**WORK REQUIRED:**
Using the records below, repeat exactly the lines from the one holding "Owalny kształt powszechnie" through the one holding "Lundi | 08:00-12:00 et 14:00-18:00 |", both ends included, and no others.

**RECORD EXCERPTS:**

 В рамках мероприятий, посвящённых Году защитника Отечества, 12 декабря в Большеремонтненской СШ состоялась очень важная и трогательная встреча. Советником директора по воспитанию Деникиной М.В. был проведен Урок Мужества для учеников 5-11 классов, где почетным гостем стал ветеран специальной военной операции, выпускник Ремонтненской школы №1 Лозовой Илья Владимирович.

...

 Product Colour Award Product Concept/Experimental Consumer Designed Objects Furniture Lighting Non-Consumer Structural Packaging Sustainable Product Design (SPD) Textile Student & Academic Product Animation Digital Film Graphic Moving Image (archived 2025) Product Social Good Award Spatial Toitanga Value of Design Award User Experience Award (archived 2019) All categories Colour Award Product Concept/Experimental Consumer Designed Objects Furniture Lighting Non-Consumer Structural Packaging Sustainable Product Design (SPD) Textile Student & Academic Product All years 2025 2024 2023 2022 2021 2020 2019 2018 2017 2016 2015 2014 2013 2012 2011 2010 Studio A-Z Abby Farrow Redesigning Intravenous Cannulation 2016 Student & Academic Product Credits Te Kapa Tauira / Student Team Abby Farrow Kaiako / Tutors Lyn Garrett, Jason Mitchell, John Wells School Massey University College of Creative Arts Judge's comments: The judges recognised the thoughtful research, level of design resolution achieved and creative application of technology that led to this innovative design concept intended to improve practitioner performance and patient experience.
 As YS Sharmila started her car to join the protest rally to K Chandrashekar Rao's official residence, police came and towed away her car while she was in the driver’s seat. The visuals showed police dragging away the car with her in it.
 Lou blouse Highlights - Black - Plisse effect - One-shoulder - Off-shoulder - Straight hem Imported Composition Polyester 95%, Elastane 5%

==

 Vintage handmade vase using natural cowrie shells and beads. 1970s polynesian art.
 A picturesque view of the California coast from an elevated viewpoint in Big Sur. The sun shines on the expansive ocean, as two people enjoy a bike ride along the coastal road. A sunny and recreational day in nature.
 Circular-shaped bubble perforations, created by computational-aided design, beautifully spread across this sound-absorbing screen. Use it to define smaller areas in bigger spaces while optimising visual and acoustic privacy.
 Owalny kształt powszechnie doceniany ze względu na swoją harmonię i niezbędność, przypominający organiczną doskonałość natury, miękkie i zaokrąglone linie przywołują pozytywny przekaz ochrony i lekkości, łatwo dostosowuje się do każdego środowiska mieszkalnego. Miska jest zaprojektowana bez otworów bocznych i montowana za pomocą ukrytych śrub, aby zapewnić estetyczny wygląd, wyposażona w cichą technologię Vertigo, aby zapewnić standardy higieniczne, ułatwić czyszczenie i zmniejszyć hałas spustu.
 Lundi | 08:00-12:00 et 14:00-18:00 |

**WRITTEN RESPONSE:**
 Owalny kształt powszechnie doceniany ze względu na swoją harmonię i niezbędność, przypominający organiczną doskonałość natury, miękkie i zaokrąglone linie przywołują pozytywny przekaz ochrony i lekkości, łatwo dostosowuje się do każdego środowiska mieszkalnego. Miska jest zaprojektowana bez otworów bocznych i montowana za pomocą ukrytych śrub, aby zapewnić estetyczny wygląd, wyposażona w cichą technologię Vertigo, aby zapewnić standardy higieniczne, ułatwić czyszczenie i zmniejszyć hałas spustu.
 Lundi | 08:00-12:00 et 14:00-18:00 |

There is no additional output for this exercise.